Timbre (of a musical instrument)

The timbre of a musical instrument is the distinctive quality of its sound, which sets it apart from other instruments. This includes characteristics such as pitch, intensity, duration and spectrum (the frequencies that make up sound). For example, the timbre of a violin is different from the timbre of a saxophone, even though they play the same note at the same pitch. The timbre of an instrument is influenced by many factors, such as the shape and size of the instrument, the materials used to make it, the way it is played (for example, with or without vibrato), and the effects sound used (for example, reverb or distortion). The timbre of an instrument can also change depending on the pitch of the note played, and some instruments have timbres that are more characteristic than others (for example, the deep, round sound of the tuba is easily recognizable).

Triangulation

Triangulation is a method used to determine the position of an object or point in space using measurements of distance or angles from two or more known reference points. There are several triangulation techniques, the most used is the method of triangulation from angular measurements which consists in determining the position of an object by using measurements of angles formed by lines connecting the object to two or more known reference points. In navigation, triangulation is used to determine the position of a ship or aircraft using distance measurements from coastal lighthouses or satellites. In topography, it is used to determine the altitudes and coordinates of points on the earth's surface.
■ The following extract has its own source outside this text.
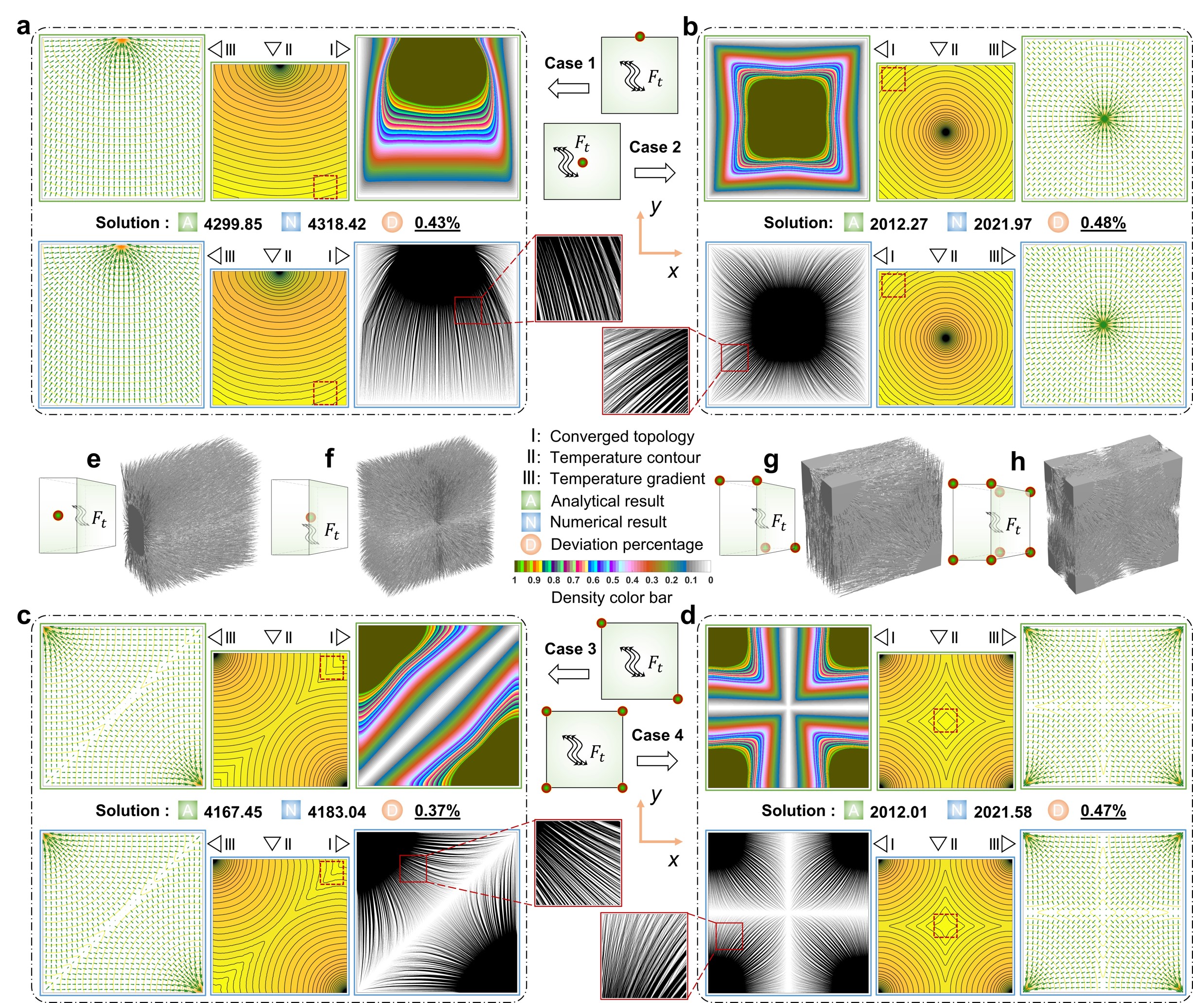 杜建镔课题组在《传热传质国际期刊》(International Journal of Heat and Mass Transfer)发表了题为《传热结构的全局最优解》(On the global optimum for heat conduction)的研究论文,取得了传热结构最优化设计基础理论和方法的重要进展。研究团队在解析上严格证明了稳态传热结构优化问题的梯度优化解具有全局最优性,并给出了收敛到全局最优解的充分必要条件。在数值上验证了该全局最优解的唯一性,证实了其与初始结构设计构型选择无关,与可优化域边界形状无关。识别了该全局最优解的物理特征:在可优化域内,温度等高线线性变化,温度梯度大小处处相等,方向指向冷却槽。从能量角度来看,这种形式最稳定,热传导呈现出与路径无关的特征,为传热结构设计性能评估提供了有力参考。

In cartography, it is used to create accurate maps of the earth's surface. In telecommunications, it is used to determine the position of a mobile phone or communication equipment using distance measurements from transmission towers. In geodesy, it is used to determine the precise coordinates of points on the earth's surface. In robotics, it is used to determine the position of a robot relative to its reference points.
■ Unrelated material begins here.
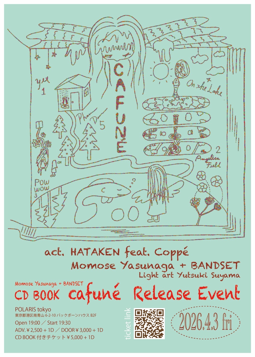 04/03 FRI Momose Yasunaga + BAND SET 「cafuné」Release Event OPEN/START 19:00/19:30 ACT : HATAKEN feat. Coppé / Momose Yasunaga + BAND SET Light art:Yutsuki Suyama

Uniformly Accelerated Rectilinear Motion (MRUA)

Uniformly accelerated rectilinear motion (MRUA) is the motion of a mobile in a straight line whose acceleration is constant. In an MRUA, since the acceleration is constant, the change in speed is the same every second. On the other hand, the variation in position is therefore increasingly large, since a greater distance is traveled at each time interval. The use of the term rectilinear in the definition of the MRUA refers to movement in a straight line. When a movement takes place in more than one axis (for example in a projectile movement), the decomposition of this movement according to the different axes facilitates its analysis.

White noise

White noise is a type of noise that has a constant loudness across all frequencies. This means that white noise is made up of all audible frequencies equally. One can imagine white noise as being similar to a wall of sound, where every frequency is represented equally. White noise is used as a reference to measure the quality of information transmission in electronic and electrical communications, as well as to measure the absorption of materials and the reflection of surfaces in acoustics and physics.